On Mon Sep 25 11:23:49 2023 +0000, Giovanni Mascellani wrote:
Notice that native, at least in my tests, is evaluating the polynomial using [Horner's method](https://en.wikipedia.org/wiki/Horner%27s_method), which is probably more efficient (it takes only three multiplications instead of six in this case, if I'm not mistaken). That would amount to something like `(((-0.01996337677405357f * abs_arg + 0.07612092595257536f) * abs_arg - 0.2127403136003234f) * abs_arg + 1.570796325f`. Notice that floating point numbers do not need so many significant digits ([see this nice tool](https://evanw.github.io/float-toy/)), and that native coefficients are slightly different from yours, not sure why. Where do your coefficients come from? Your tests have a rather large error margin set: while this is not a problem in its own, maybe using the same coefficients as native you could get that smaller.

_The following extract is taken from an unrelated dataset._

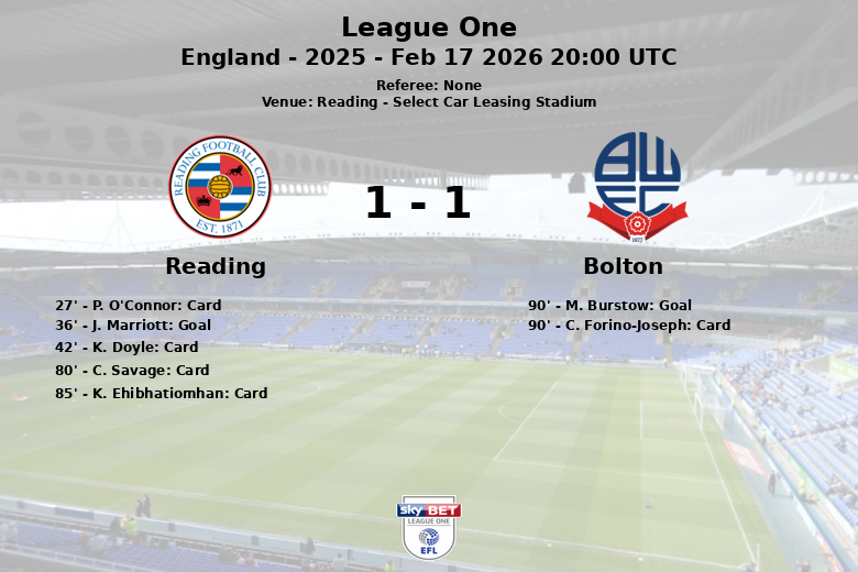 Reading and Bolton Wanderers played to a draw in a tightly contested match at the Select Car Leasing Stadium. Despite holding only 33% of the possession, Reading took the lead in the 36th minute with a goal by J. Marriott, assisted by C. Savage. Bolton, dominating possession with 67% and outshooting Reading in total shots (16 to 6), couldn’t convert until stoppage time. The match was marked by high intensity, reflected in the numerous fouls (15 by Reading and 9 by Bolton) and yellow cards shown to Reading (O’Connor, Doyle, Savage, Ehibhatiomhan). Bolton finally secured the equalizer in the 90th minute with a goal from M. Burstow, assisted by R. Rodrigues. Despite their efforts, Reading couldn’t hold onto their lead, leaving a bittersweet feeling with their fans. Bolton also received a yellow card at the 90th minute to the player C. Forino-Joseph.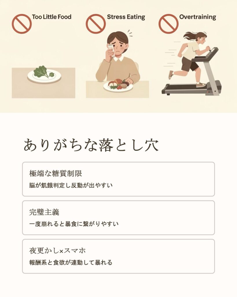 - 極端な糖質制限・断食を急に → 脳が飢餓判定し反動が出やすい

Evan Tang wrote the algorithms for all these. He solved for the coefficients using Wolfram Alpha because he felt a little worried about using Microsoft's output directly. Apparently, Evan's numbers are slightly less accurate overall, but don't yield a discontinuity at X=0.
It doesn't look like he has an account here but we could pull him into the discussion on Matrix?